Handset cos may tune out of life-time plans

Handset cos may tune out of life-time plans

Author | Source: The Economic Times | Saturday, Jan 21,2006 8:47 AM

Handset cos may tune out of life-time plans

The huge success of the two and three-year and lifetime-free mobile schemes is now creating a new problem for the telecom industry, especially the mobile handset makers. Mobile handset makers find the ever-rising demand a mixed blessing.

The reason - 90per cent of the new subscribers enrolling for the two-and three-year and lifetime-free mobile schemes are very low-end subscribers or first-time users.

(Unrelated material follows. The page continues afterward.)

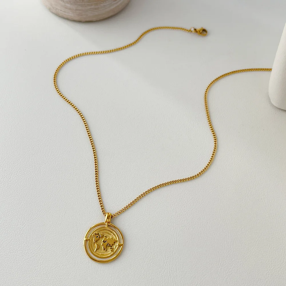 ALLNEWME Unique Design World Map Pendant Necklace Exquisite Golden Irregular Coin Necklaces for Women Stainless Steel Jewelry

These users typically buy only low-end mobile handsets, where margins are wafer thin, for the telecom handset makers. Nokia and LG officials, who did not want to be quoted, said margins in the lower end products are as low as 6-8per cent.

They mentioned that nearly 30per cent of the demand comes from rural and semi-urban India, which is entirely a 'no frills' belt. New subscribers in these areas have started looking at mobile phones as a necessity and buy very basic phones. This seems to be true. Nokia's basic model 1100 sells the highest in rural India. The lack of finance may be the other reason people in those areas opt for low-end mobile handsets.

Further, there is nearly a 40per cent difference between the new subscriber numbers doled out by telecom service operators and actual mobile handset sales. Sources say the difference is on account of the pre-activated schemes sold by various telecom service providers, which does not necessarily convert into a sale for telecom handset makers immediately.

These pre-activated schemes add up to the telecom service operators' new subscription numbers at the end of every month. But, for telecom handset makers, the numbers translate into sales only when subscribers buy these pre-activated schemes.

The aberration is, however, less for CDMA than GSM subscribers. This is because CDMA service providers such as Reliance, Tata and others give mobile handsets along with most of their schemes. Telecom service providers such as Tata also import handsets directly. For instance, Tatas have tied up with three Chinese companies for its 2-year incoming free offer.

According to Cellular Operators of India (COAI) estimates, both GSM and CDMA operators cumulatively added 44.6 lakh new users in December '05.

The new subscribers were split 70:30 between GSM and CDMA operators. GSM operators added the highest net additions ever with 32 lakh subscribers and CDMA operators added the balance 12.6 lakh subscribers. BSNL added 10 lakh subscribers, Bharti (9 lakh) and Tata Teleservices added 6 lakh new subscribers.